Assigned task: A partial copy is required: transcribe exactly the lines from the one containing "Лапка тефлоновая узкая" through the last line below, without any pictures.

######

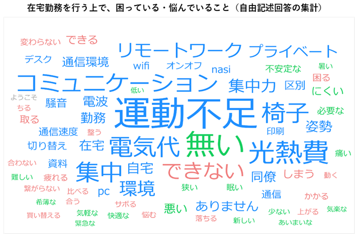 ・在宅勤務の課題として、光熱費・電気代の負担やコミュニケーション・人間関係のストレスが挙げられました。
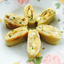 7.When the eggs are solidified, roll up the pancake, add some oil in the pan and fry both sides until golden, then take it out of the pan
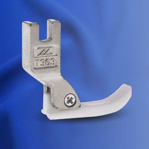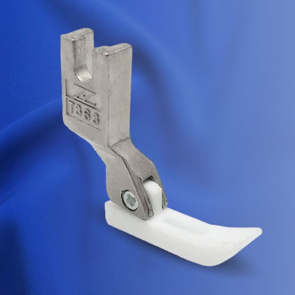 Лапка тефлоновая узкая для промышленных швейных машин. Предназначена для вшивания молнии. ширина подошвы - 6 мм.
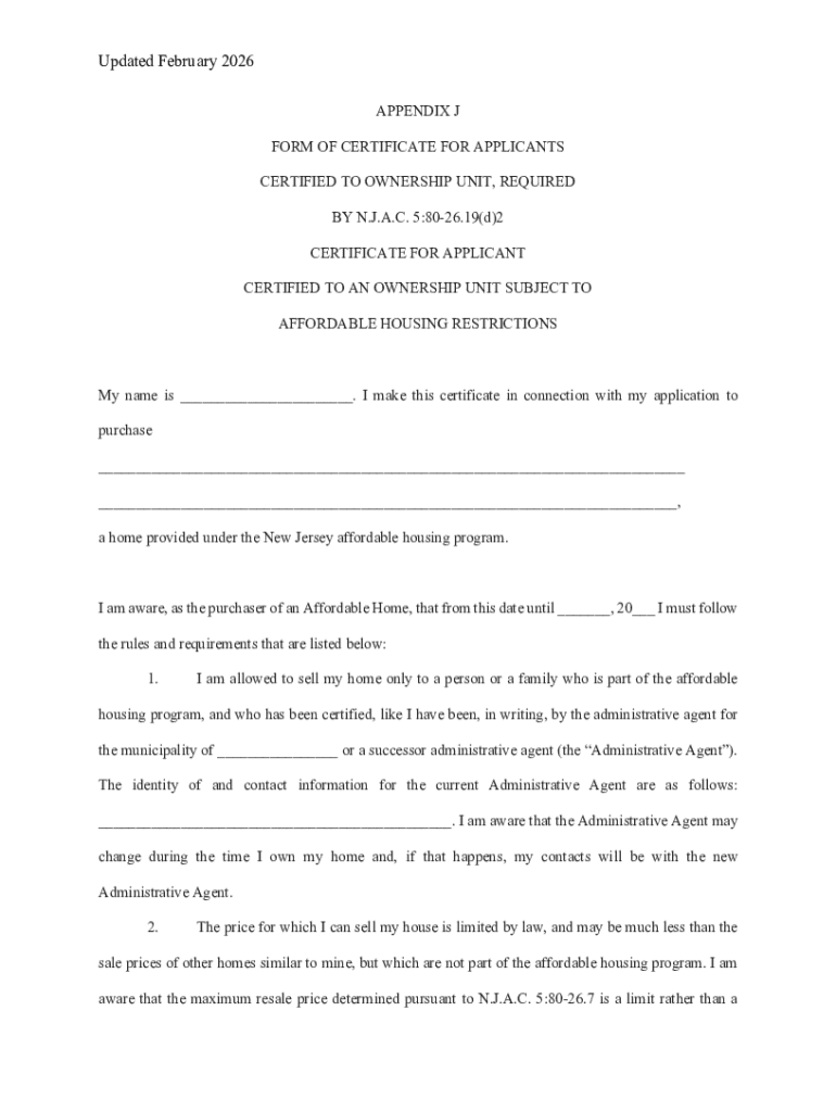 The New Jersey Affordable Housing Certificate is a legal document used by home purchasers to certify compliance with affordable housing program requirements.
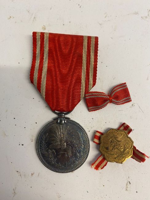 A WWII Japanese red cross medal and lapel badge in box. This lot will be available to collect in person 48 hours after the end of the sale. Please contact the office admin@humbertellis.com for collection appointments / postage quotes / courier information.
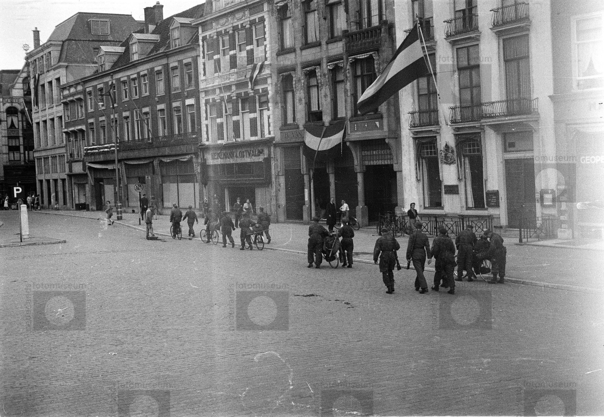 Militairen lopen in het centrum van Den Haag over st...

######

Response:
 Лапка тефлоновая узкая для промышленных швейных машин. Предназначена для вшивания молнии. ширина подошвы - 6 мм.
 The New Jersey Affordable Housing Certificate is a legal document used by home purchasers to certify compliance with affordable housing program requirements.
 A WWII Japanese red cross medal and lapel badge in box. This lot will be available to collect in person 48 hours after the end of the sale. Please contact the office admin@humbertellis.com for collection appointments / postage quotes / courier information.
 Militairen lopen in het centrum van Den Haag over st...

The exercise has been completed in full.